THE PROBLEM: Please transcribe exactly the lines from the first line of the records below through the line containing "Ёлочное украшение Олень", including both, and omit all pictures.

###

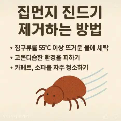 또한, 물걸레질을 할 때는 미세먼지 캡처 기능이 있는 물티슈나 정전기 포집용 걸레를 사용하면 좋아요. 일반 걸레는 먼지를 완전히 제거하지 못하고 퍼트리기만 할 수 있거든요. 진드기는 물에 약하기 때문에 물걸레질만 해도 효과적인 제거가 가능해요.
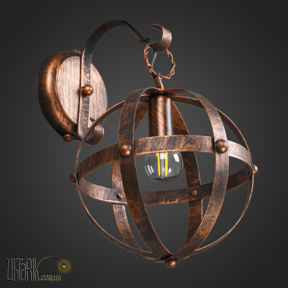 Это бра круглого (шарообразного) вида впишется в любую дизайнерскую среду. Подходит для вашей гостиной, кухни, прихожей, спальни. Модель представлена в медных, черных тонах. Светильник изготовлен из металла высокого качества
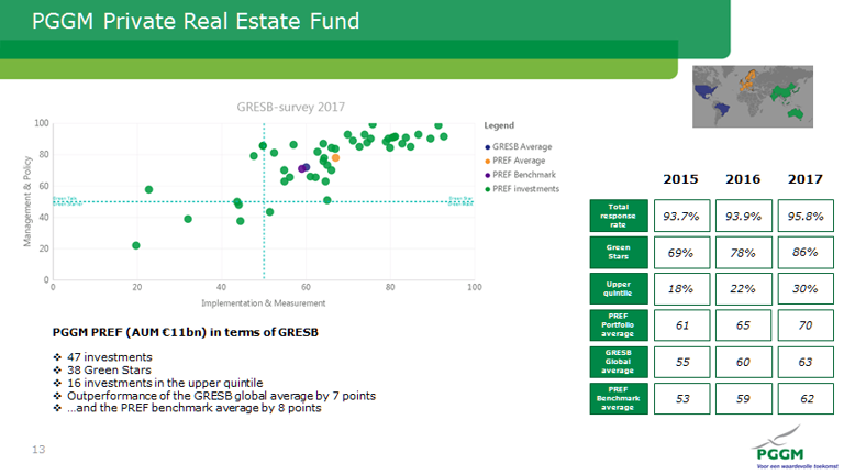 The ambition to develop GRESB into a global standard has been achieved. Now, in 2017, almost nine hundred real estate funds worldwide participate, mainly in Europe, but also more and more in North America and Asia – representing a collective property value of 2800 billion dollars. With the scores that GRESB gives to real estate managers, PGGM gains insight into the way in which these managers implement sustainability in the real estate portfolios of PGGM’s clients.
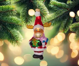 Ёлочное украшение Олень с подарком мультиколор, стекло, 14.7см
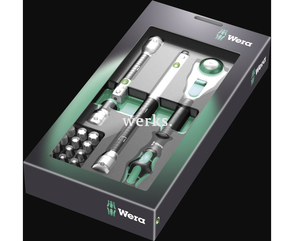 Комплект из 19 предметов с трещоткой и разнообразными насадками, размещенный в пенопластовом вкладыше. Он идеально подходит для мастерских, использующих тележки таких брендов, как Stahlwille, Hazet, Gedore, Matador, Facom, Carolus, Berner, Kraftwerk, KS-Tools, Würth и Förch, а также для верстаков. Размеры составляют 342 мм x 174 мм, с возможностью изменения до 310 мм x 158 мм. При необходимости, перегородки можно подрезать, чтобы адаптировать вкладыш под существующий выдвижной ящик. Профессиональный модуль-вставка Wera Zyklop Speed 8100 SC 5 включает трещотку Wera Zyklop Speed 8000 C, два удлинителя, держатель с быстрозажимным патроном и 15 бит (HEX, PH, PZ, TORX). Это удобный и многофункциональный набор, подходящий для монтажных и ремонтных работ, включая труднодоступные места. Поставляется в компактной коробке с пенопластовым вкладышем, что делает его удобным для хранения в верстаке или инструментальной тележке.
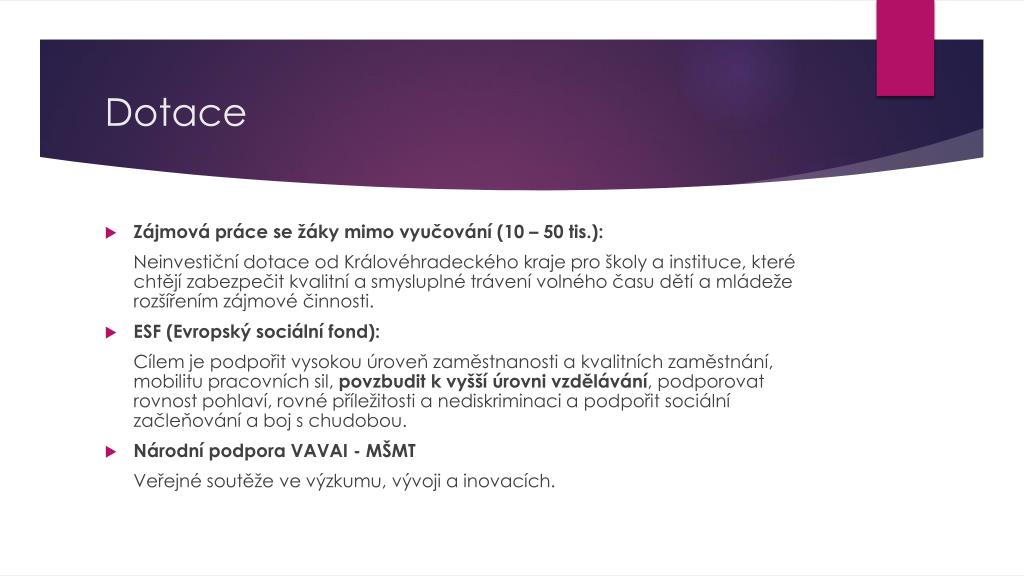 Dotace • Zájmová práce se žáky mimo vyučování (10 – 50 tis.): Neinvestiční dotace od Královéhradeckého kraje pro školy a instituce, které chtějí zabezpečit kvalitní a smysluplné trávení volného času dětí a mládeže rozšířením zájmové činnosti. • ESF (Evropský sociální fond): Cílem je podpořit vysokou úroveň zaměstnanosti a kvalitních zaměstnání, mobilitu pracovních sil, povzbudit k vyšší úrovni vzdělávání, podporovat rovnost pohlaví, rovné příležitosti a nediskriminaci a podpořit sociální začleňování a boj s chudobou. • Národní podpora VAVAI - MŠMT Veřejné soutěže ve výzkumu, vývoji a inovacích.
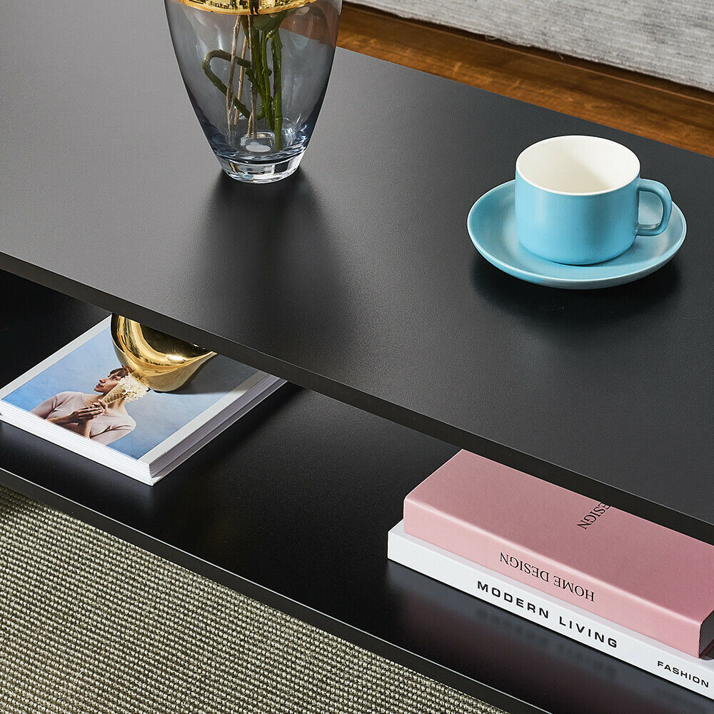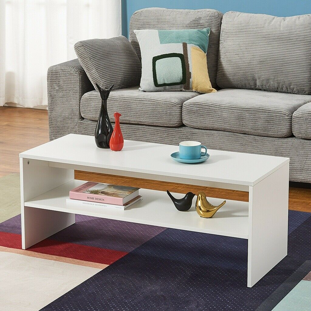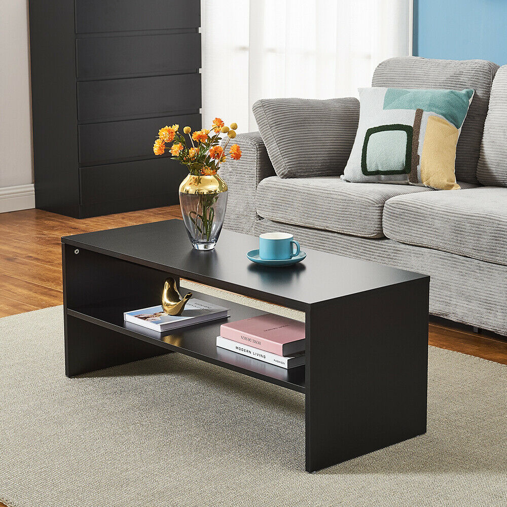 Coffee Table 2 Tiers Wood Tea Table Home Living Room Rectangle Table Black White
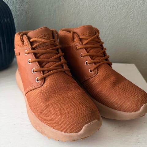 Kastel Maki Mid Leather sneakers i størrelse 40. Modellen er en mid-cut joggesko i fargen olivengrønn med hvit såle. Overdelen er i lær med tekstilpartier og snøring foran. Yttersålen har mønster for bedre grep. Passer som fritidssko til hverdagsbruk.

###

TASK OUTPUT:
 또한, 물걸레질을 할 때는 미세먼지 캡처 기능이 있는 물티슈나 정전기 포집용 걸레를 사용하면 좋아요. 일반 걸레는 먼지를 완전히 제거하지 못하고 퍼트리기만 할 수 있거든요. 진드기는 물에 약하기 때문에 물걸레질만 해도 효과적인 제거가 가능해요.
 Это бра круглого (шарообразного) вида впишется в любую дизайнерскую среду. Подходит для вашей гостиной, кухни, прихожей, спальни. Модель представлена в медных, черных тонах. Светильник изготовлен из металла высокого качества
 The ambition to develop GRESB into a global standard has been achieved. Now, in 2017, almost nine hundred real estate funds worldwide participate, mainly in Europe, but also more and more in North America and Asia – representing a collective property value of 2800 billion dollars. With the scores that GRESB gives to real estate managers, PGGM gains insight into the way in which these managers implement sustainability in the real estate portfolios of PGGM’s clients.
 Ёлочное украшение Олень с подарком мультиколор, стекло, 14.7см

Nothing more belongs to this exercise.